How to reproduce it (as minimally and precisely as possible):
helm install --name my-es-test incubator/elasticsearch --set data.persistence.enabled=false,master.persistence.enabled=false
cc @simonswine @icereval
@tiago-loureiro, if your cluster has RBAC enabled you'll want to run the helm install command with one additional parameter: --set rbac.create=true.
I have the same problem.
rbac create was activated via values.yaml.
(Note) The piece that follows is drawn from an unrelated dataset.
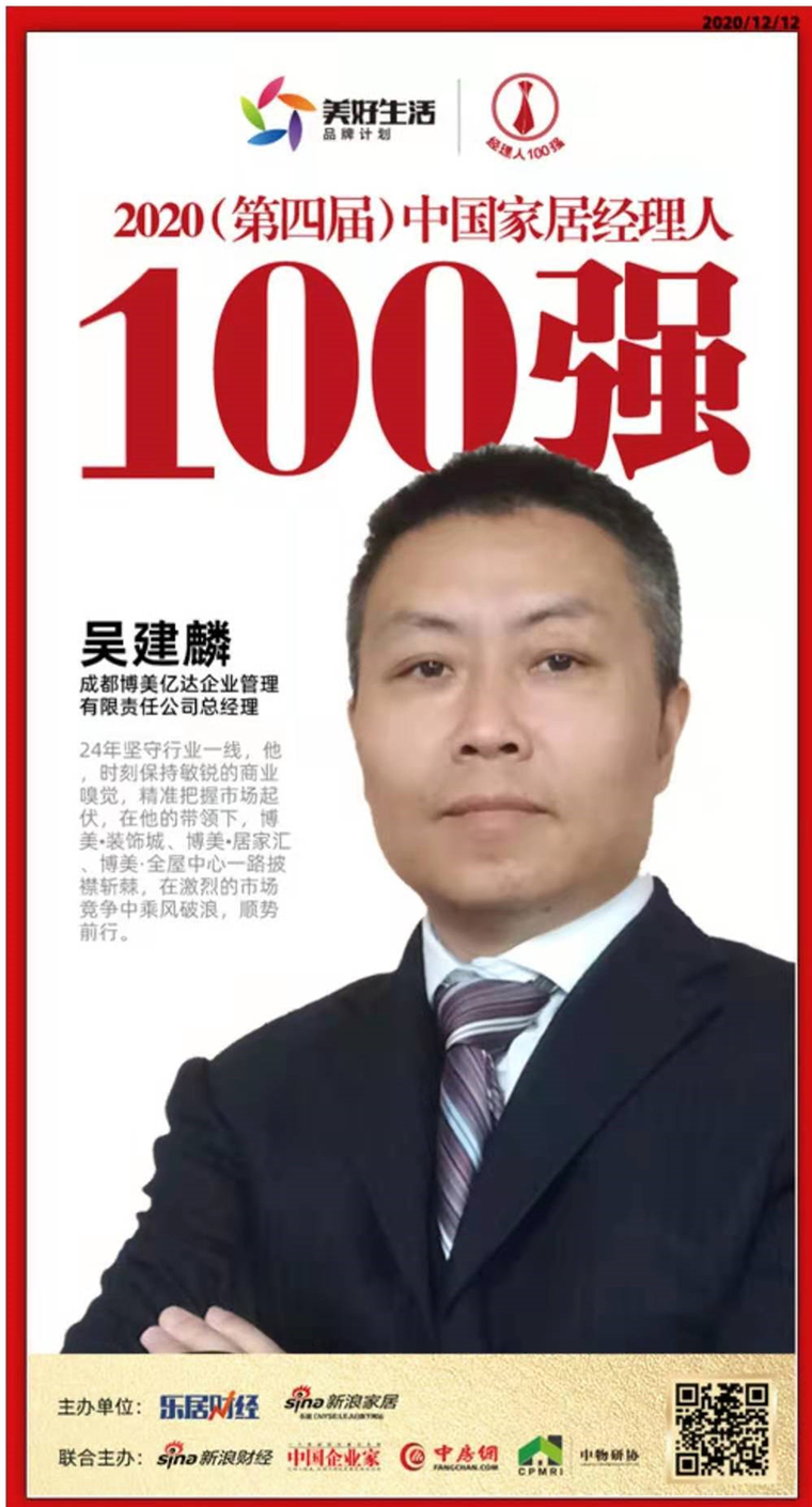 由乐居财经、新浪家居主理、新浪财经、中国企业家、中房网、中物研协团结主理的“行稳致远—2020(第四届)中国家居司理人评选”,,,,,,最终百强名单也在当天盛典上正式揭晓。。。。。。博美商业连锁总司理吴建麟荣获2020中国家具司理人100强,,,,,,吴建麟总司理已一连三年获得“中国家具司理人100强”称呼。。。。。。

Hopefully https://github.com/kubernetes/charts/pull/2889 will help.
I am also stuck here...
is there any hint if it is related to a specific version (or combination)?
Chart elasticsearch-0.4.7
Client Version: v1.9.3
Server Version: v1.9.2
Client: v2.8.1+g6af75a8
Server: v2.8.1+g6af75a8
Having the same issues. RBAC is enabled though..
Chart 0.4.9
kubectl
Client Version: v1.9.3+coreos.0
Server Version: v1.9.3+coreos.0
helm
Client: v2.8.2+ga802316
Server: v2.8.2+ga802316
We found 2 problems:
1)The problem with DNS. master-0 doesnt see master-1, because they trying to discover each other by short name (host name), but they reachable only by fqdn. And when we add zone
{service}.{namespace}.cluster.local to /etc/resolve.conf we found second problem
2) we have to add all master_hosts in elasticsearch.conf (can be added in configmap: discovery.zen.ping.unicast.hosts)
only after those manipulations all hosts see eachother and cluster works
any suggestions?
@ppcololo Don't use user.local anywhere as it is customizable! Just use service.namespace as it resolves to the proper DNS including cluster name.
This issue has been automatically marked as stale because it has not had recent activity. It will be closed if no further activity occurs. Any further update will cause the issue/pull request to no longer be considered stale. Thank you for your contributions.
This issue is being automatically closed due to inactivity.
Most helpful comment
@tiago-loureiro, if your cluster has RBAC enabled you'll want to run the helm install command with one additional parameter:
--set rbac.create=true.